# Forum Home Renovation Solar Electrical Systems  My Solar experience

## micknean

I recently install a solar 2.7kw system. It has been on now for about 2 and half weeks and has produced about 190kw. I think given the weather we have had lately it seems good.  I have the inverter connected to the home pc so i can record the daily totals.
The panels are 195w each and the inverter is 3Kw
It will be interesting to see how it works in summer. Here are some pics,       
The next pic is of the xantrex program for viewing and recording on a pc. 
Given that you can get a around 66 cents a Kw for producing power it seems like a good time to put a solar system on.

----------


## Bloss

Did you make up your cable to connect to the inverter to your PC or buy it or did the installer do it? It looks like Cat5 cable but that inverter has an RS232 port and the PC needs a USB I assume.

----------


## woodbe

Bloss,  
Serial runs just fine over cat5, and a usb to serial adapter would sort the other end. We ran serial over cat5 reliably (19200 baud) over 50m. 
woodbe

----------


## micknean

> Did you make up your cable to connect to the inverter to your PC or buy it or did the installer do it? It looks like Cat5 cable but that inverter has an RS232 port and the PC needs a USB I assume.

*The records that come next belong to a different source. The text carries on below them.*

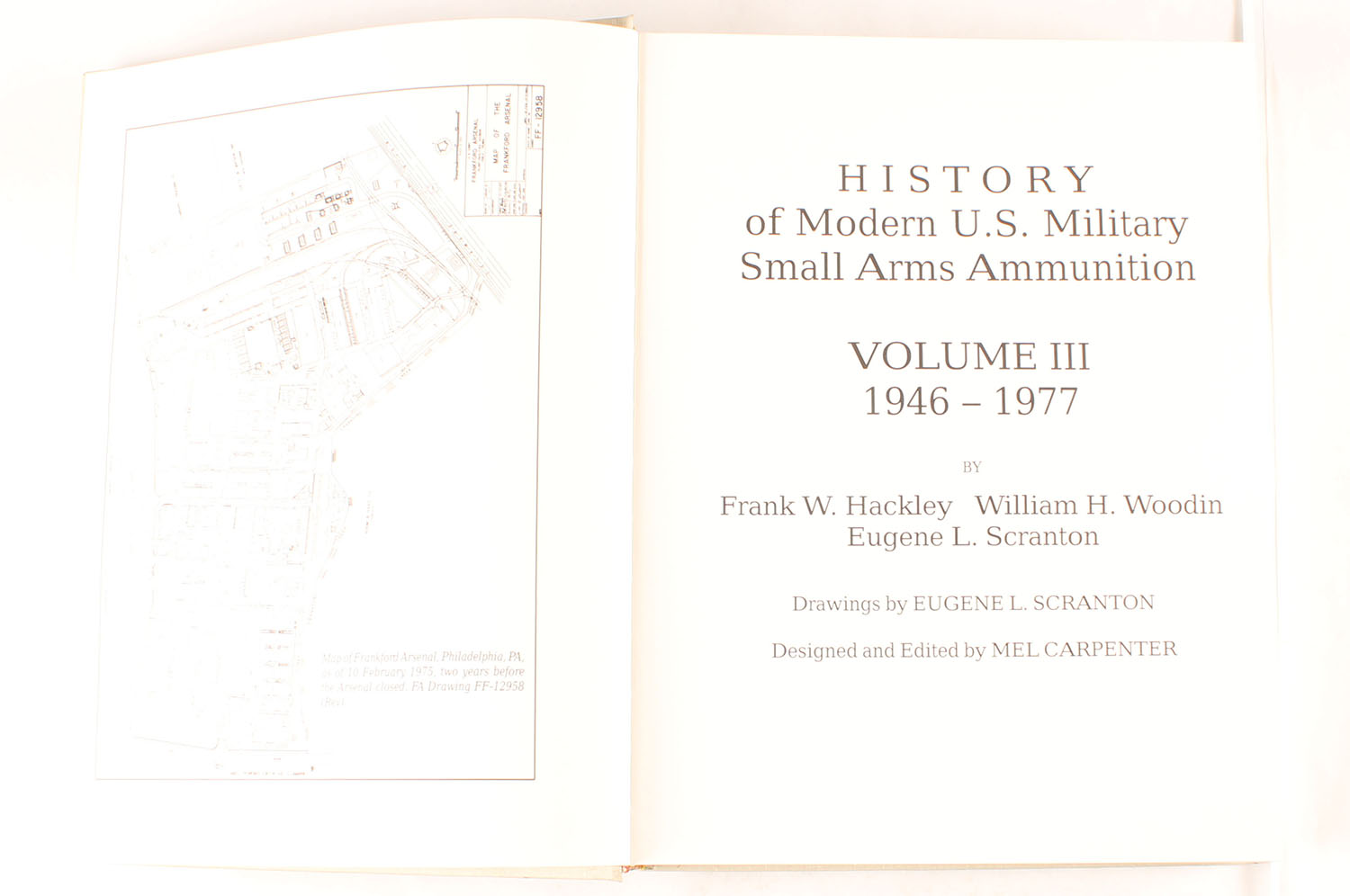 History of Modern U.S. Military Small Arms Ammunition Volume III 1946-1977 by F.W. Hackley , 8 1/2'' x 11''. Pages clean, binding tight, hardcover very good. Value: $500 Grade: Very Good ++ - Value: 50 to 500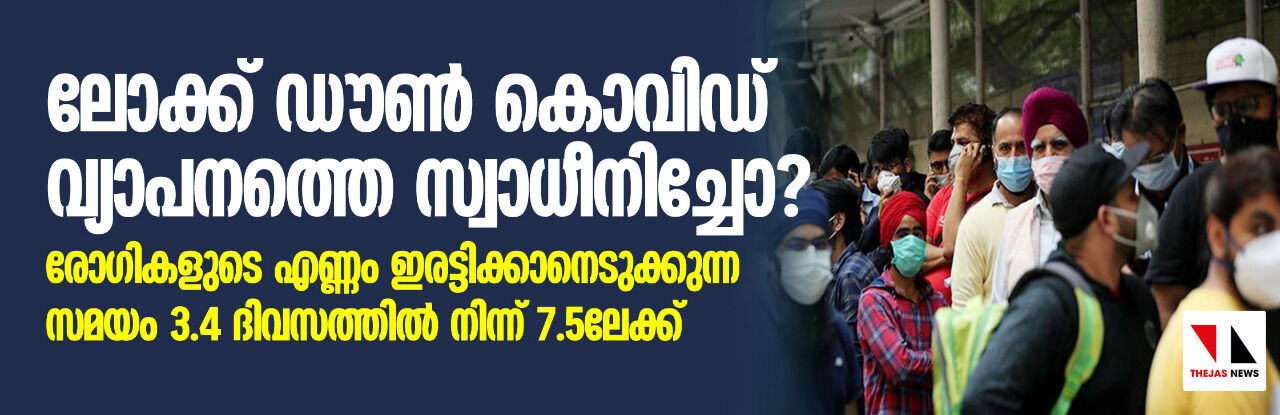 ലോക്ക് ഡൗണ് കൊവിഡ് വ്യാപനത്തെ സ്വാധീനിച്ചോ? രോഗികളുടെ എണ്ണം ഇരട്ടിക്കാനെടുക്കുന്ന സമയം 3.4 ദിവസത്തില് നിന്ന് 7.5 ലേക്ക്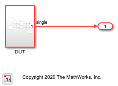 DUT サブシステムには、1 つの Atomic Subsystem ブロックが含まれます。Constant ブロックは、Terminator ブロックに接続している Add ブロックをもつサブシステムに対する入力です。

  I made the cable up myself. The inverter only needs 3 wires to communicate with the pc. I used cat5 because i had lots of it, as for the port plugs i got them from jcar, one male and one female for the computer end. Then it was just a matter of opening up the inverter manual and following the instruction on what pins are used. hope this helps.

----------


## finger

I love the xantrex, what brand of panels did you get?  
Any shading? 
Here is a great site to record your outputs and compare your system too like systems and locations PVOutput

----------


## Uncle Bob

If you guys need any RS232 to RS485 converters let me know, I've got a drawer full of them lol.

----------


## Bloss

> Bloss,  
> Serial runs just fine over cat5, and a usb to serial adapter would sort the other end. We ran serial over cat5 reliably (19200 baud) over 50m. 
> woodbe

  Thanks for that - but I wasn't concerned about the type so much as whether it was home made as it was. In one of my past lives was in ITC for many, many years so I am across the issues. You can run much faster than 19.2 over cat5 and over much more than 50m, but that's another matter. 
RS232 to USB cables are easily available (and is what I have from my Xantrex) so I was just musing on why that cable was there. So long as it works that's fine. 
If anyone is interested I used Evergreen http://evergreensolar.com/en/ panels 210W (the 215Ws were new and not really worth the extra price over the expected life, but have come down now). Made in the USA although the new website is from Germany.

----------


## gregodgers

greetings, 
I am interested how it is all working out, I have just had a 3kw system installed with the same inverter, a Xantrex GT 2.8. Just waiting for the inspection sign off then the fitting of the smart meter. I will also connect my computer to the inverter to monitor the output.  
regards  
greg

----------


## Wombat2

As a matter of interest the new SMA3000TL inverter I'm getting has bluetooth - no wires needed. Free software from SMA store 63 months of hourly data and 30 years of daily totals  :Shock:  Not that I can envisage the need to worry about that.

----------


## micknean

> I love the xantrex, what brand of panels did you get?  
> Any shading? 
> Here is a great site to record your outputs and compare your system too like systems and locations PVOutput

  The panels are going to get a little shade for a about 2 months of the year and for about 2-3hours a day. It's only because I'm on the low side of the street and there are a row of huge gum trees across the road. Maybe i should apply to council to have them cut down as they are interfering with my plan, to  help save the planet  :Roll Eyes (Sarcastic):  
Thanks for the link I'll check it out

----------


## chrisv1

> I recently install a solar 2.7kw system. It has been on now for about 2 and half weeks and has produced about 190kw. I think given the weather we have had lately it seems good. I have the inverter connected to the home pc so i can record the daily totals.
> The panels are 195w each and the inverter is 3Kw.

  Hi Mn, 
Did you import your system or had it done here in Aus? 
An interesting installation. Looks like it may act as a massive sail in windy conditions. Have the installers made provision for this? 
Cheers. 
Chrisv.

----------